# Senior cat constantly meowing



## Axe (Aug 24, 2008)

My 17 yr old Calico meows at the top of her lungs at all hours of the day and night. If you pick her up and hold her, she stops. Shell lay on your lap for 2 hours watching tv, purring, acting totally normal like she always has. As soon as you put her down, she starts again. If you heard her, youd think she was being attacked or something, its that loud.

I'm losing sleep, as my nerves are on edge wondering is she going to start again before I fall asleep, and then when I do fall asleep shell wake me up with it. Has anyone ever heard of anything like this? Id think she was in pain if it wasnt for the fact that she stops as soon as you show her some attention. I love her, but have a terminally ill family member, so my nerves are already fried, and I cant keep living like this. Shes terrified of cat carriers/car rides, so I hate to take her to the vet, cause I have a feeling that would be a one way trip. On the other hand I have to do something. On the other hand, I cant go on like this. On the other hand.....what a dilemma. Thank you.

Title edited by doodlebug to be more descriptive of the issue.


----------



## Heidi n Q (Nov 22, 2006)

Your cat is 17 and could be experiencing kitty alzheimer's. My aged meezer-mix would yowl and cry. She did this periodically from about age 18 until she passed away at age 21. It was like she got lost from my bedroom when she walked into the hall. As soon as I would call to her or go bring her back to my room, she was fine.

Your kitty isn't doing this on purpose, she probably does feel disoriented and lost so that is why she cries and stops when someone familiar (you) comes to 'rescue' her from her scary situation. 

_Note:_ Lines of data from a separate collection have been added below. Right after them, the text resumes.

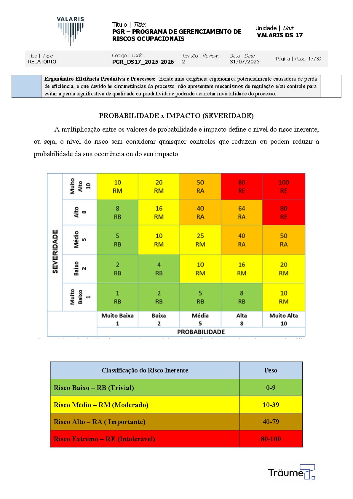 OCUPACIONAIS Unidade | Unit: VALARIS DS 17 Tipo | Type: RELATÓRIO Código | Code: PGR_DS17_2025-2026 Revisão | Review: 2 Data | Date: 31/07/2025 Página | Page: 17/39 Ergonômico Eficiência Produtiva e Processos: Existe uma exigência ergonômica potencialmente causadora de perda de eficiência, e que devido às circunstâncias do processo não apresentam mecanismos de regulação e/ou controle para evitar a perda significativa de qualidade ou produtividade podendo acarretar inviabilidade do processo. PROBABILIDADE x IMPACTO (SEVERIDADE) A multiplicação entre os valores de probabilidade e impacto define o nível do risco inerente, ou seja, o nível do risco sem considerar quaisquer controles que reduzem ou podem reduzir a probabilidade da sua ocorrência ou do seu impacto. Classificação do Risco Inerente Peso Risco Baixo – RB (Trivial) 0-9 Risco Médio – RM (Moderado) 10-39 Risco Alto – RA ( Importante) 40-79 Risco Extremo – RE (Intolerável) 80-100
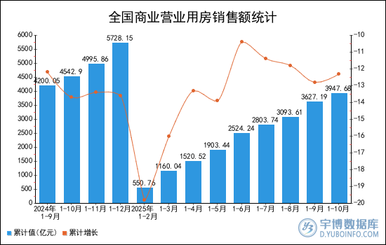 2025年1-10月全國商業(yè)營業(yè)用房銷售額(累計值)為3947.68億元,累計下降12.3%。
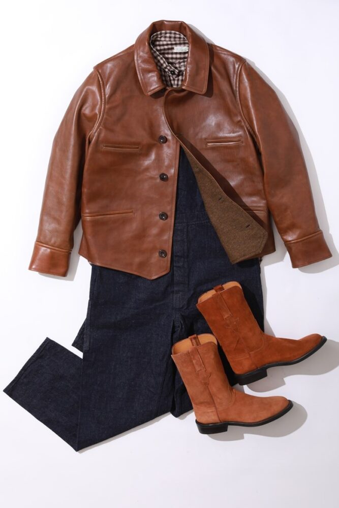 防寒性や、全身を土埃から守ることを目的としたカーコートはロング丈がメインだが、これは珍しいショート丈。当時はカバーオールの代わりに着られていた実績があり、そんな背景を感じさせるオーバーオールを合わせたコーディネート。同系色のチェック柄シャツがいいアクセントになっており、足元はローパーブーツで男らしく仕上げた。
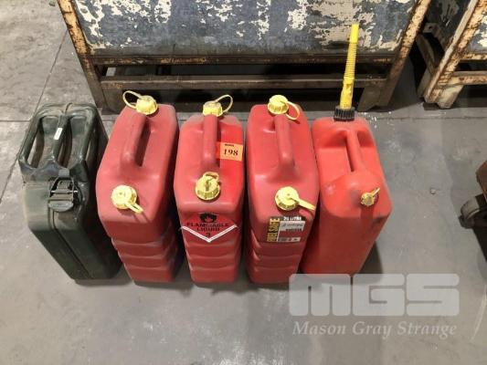 5 x 20L JERRY CANS, 4 x PLASTIC, 1 x STEEL
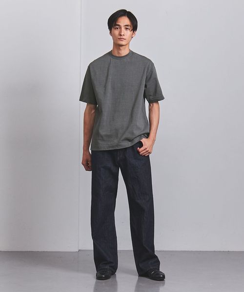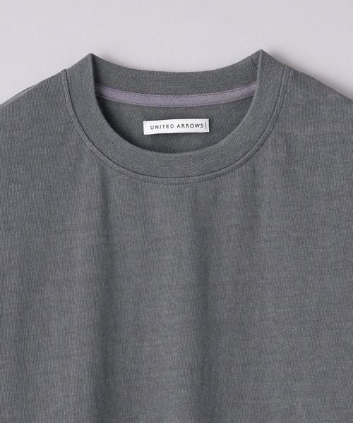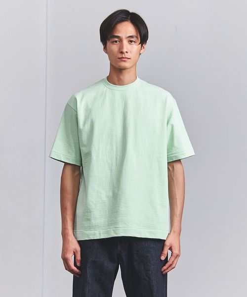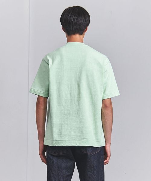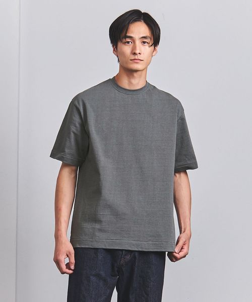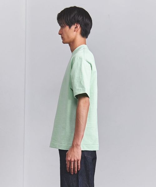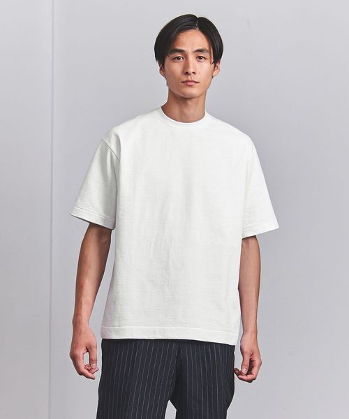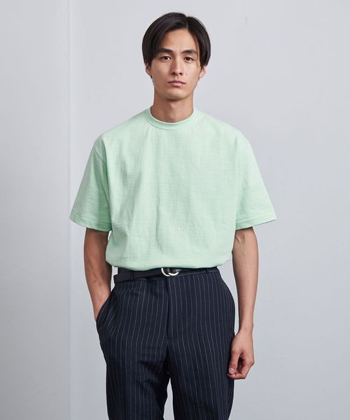 UAオリジナルのムラ糸を使用。密度を詰めて編んだ天竺組織のコットン素材は、ヘビーウェイト感のある見た目にナチュラルな凹凸感など雰囲気のある佇まいです。

Can you keep her in your room with you at night so she will sleep with you? She may still yowl, but if you're right there you could speak to her and perhaps fall back asleep quicker than if you had to get up and go to her. I'm sorry you are having such serious things to deal with in your family and now your kitty needs attention, too. Just know that they can't help it and they aren't doing it on purpose. 
Heidi


----------



## CataholicsAnonymous (Dec 4, 2006)

A very common disorder in cats her age is hyperthyroidism. And most cats with this disorder become quite vocal. It wouldn't hurt to have a thyroid test done, along with a "senior" blood panel.


----------



## greenighs (May 1, 2008)

She could just be deaf. My mother's losing her hearing and acts pretty much the same way.


----------



## doodlebug (May 13, 2006)

The Alzheimer's or Hyperthyroid would be 2 of my 3 first inclinations. The 3rd would be that she possibly had a mini stroke that is making her forgetful. 

As Heidi says, they don't do this to aggravate us, but because they are confused or scared. A vet check is definitely in order, especially if she hasn't been for a while.


----------